JUAN GONZÁLEZ: We turn now to Venezuela, which has this week marked the one-year anniversary of the death of longtime president Hugo Chávez. This comes as his successor, President Nicolás Maduro, has faced a month of violent demonstrations. The protests began in the city of San Cristóbal in western Táchira state, near the Colombia border, and then spread to the capital, Caracas, where thousands of opposition protesters have held regular marches, often clashing with police. At least 20 people have been killed since the protests began. Overnight, a Venezuelan soldier and a motorcyclist dies in a melee sparked by the opposition’s barricading of a Caracas street. This is the commander of the Venezuelan National Guard.

MAJ. GEN. JUSTO NOGUERA PIETRI: [translated] We here continue to follow orders from the commander-in-chief. We are here to keep internal order and guard public order, give the citizens the security they need. And if it is necessary to lay down our lives here, we will do so, because order needs to be restored here. Enough already with these fascist groups. Enough already with the violence that is unjustly hurting the people.

JUAN GONZÁLEZ: A group of U.N.-appointed human rights experts has asked Venezuela about allegations of abuse against the opposition. They’ve cited reports that some detainees had been beaten and tortured. President Maduro has bristled at outside attempts to intervene in the unrest. He announced Thursday he was breaking off diplomatic and commercial ties with Panama after it called for the Organization of American States to convene and discuss the protests.

PRESIDENT NICOLÁS MADURO: [translated] I say to Insulza, “Be quiet, sir, and don’t meddle with someone who didn’t call you.” Venezuela has not solicited a debate within the Organization of American States about its internal situation. We haven’t solicited their intervention into Venezuela. We would be crazy to do that.

JUAN GONZÁLEZ: Meanwhile, on Tuesday, the U.S. House of Representatives passed a resolution that expressed support for democracy in Venezuela. The measure passed by a vote of 393 to one.

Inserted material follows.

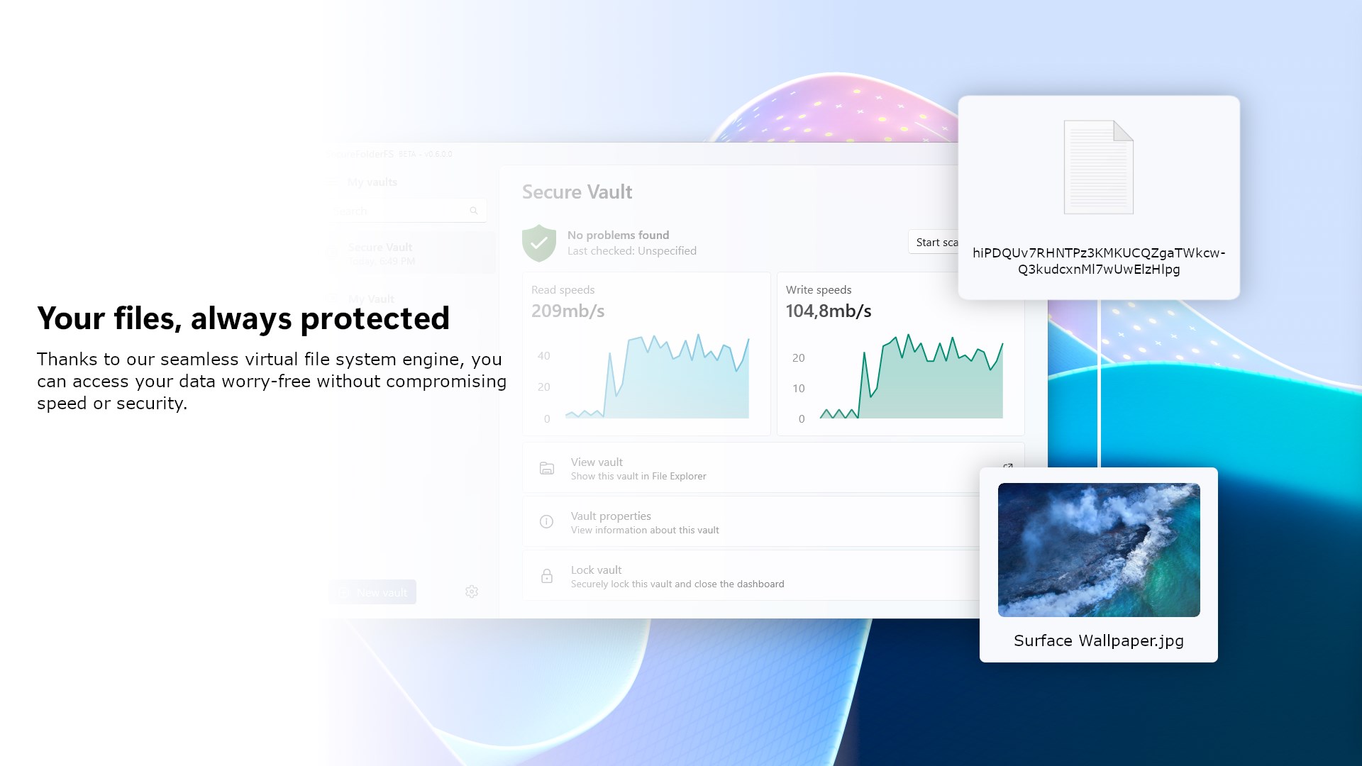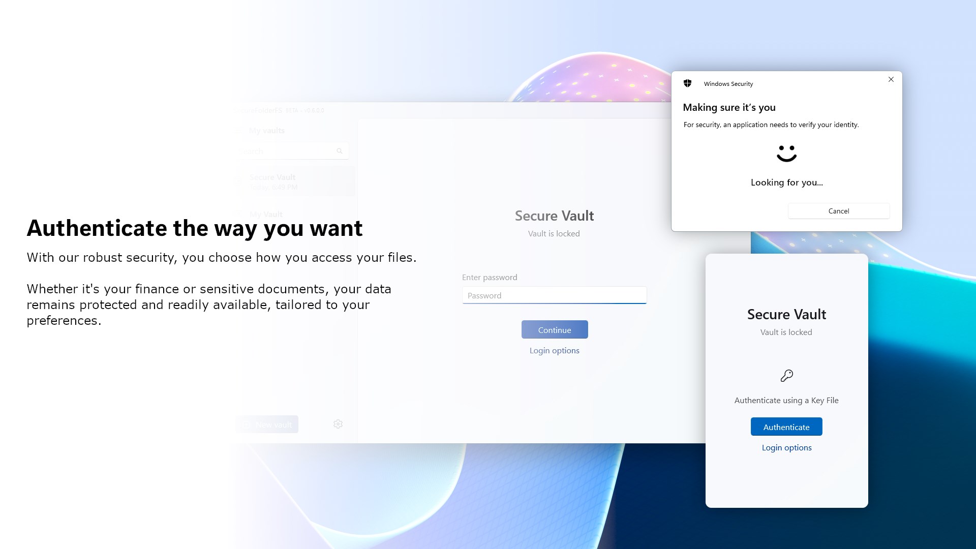 AES file name encryptionSeamless, on-demand decryptionCloud storage readyTwo-factor authentication with Windows HelloStrong AES-GCM or XChaCha20 content encryption

It was proposed by a Republican congresswoman from Florida, Ileana Ros-Lehtinen.

REP. ILEANA ROS-LEHTINEN: In the face of a determined autocrat who disregards expectations of right conduct and who is willing to use violence to impose his will on free citizens, well, Mr. Speaker, words are just not nearly enough. We must act, and we must act now. We must support those who are pleading for respect for democratic principles, for human rights in Venezuela.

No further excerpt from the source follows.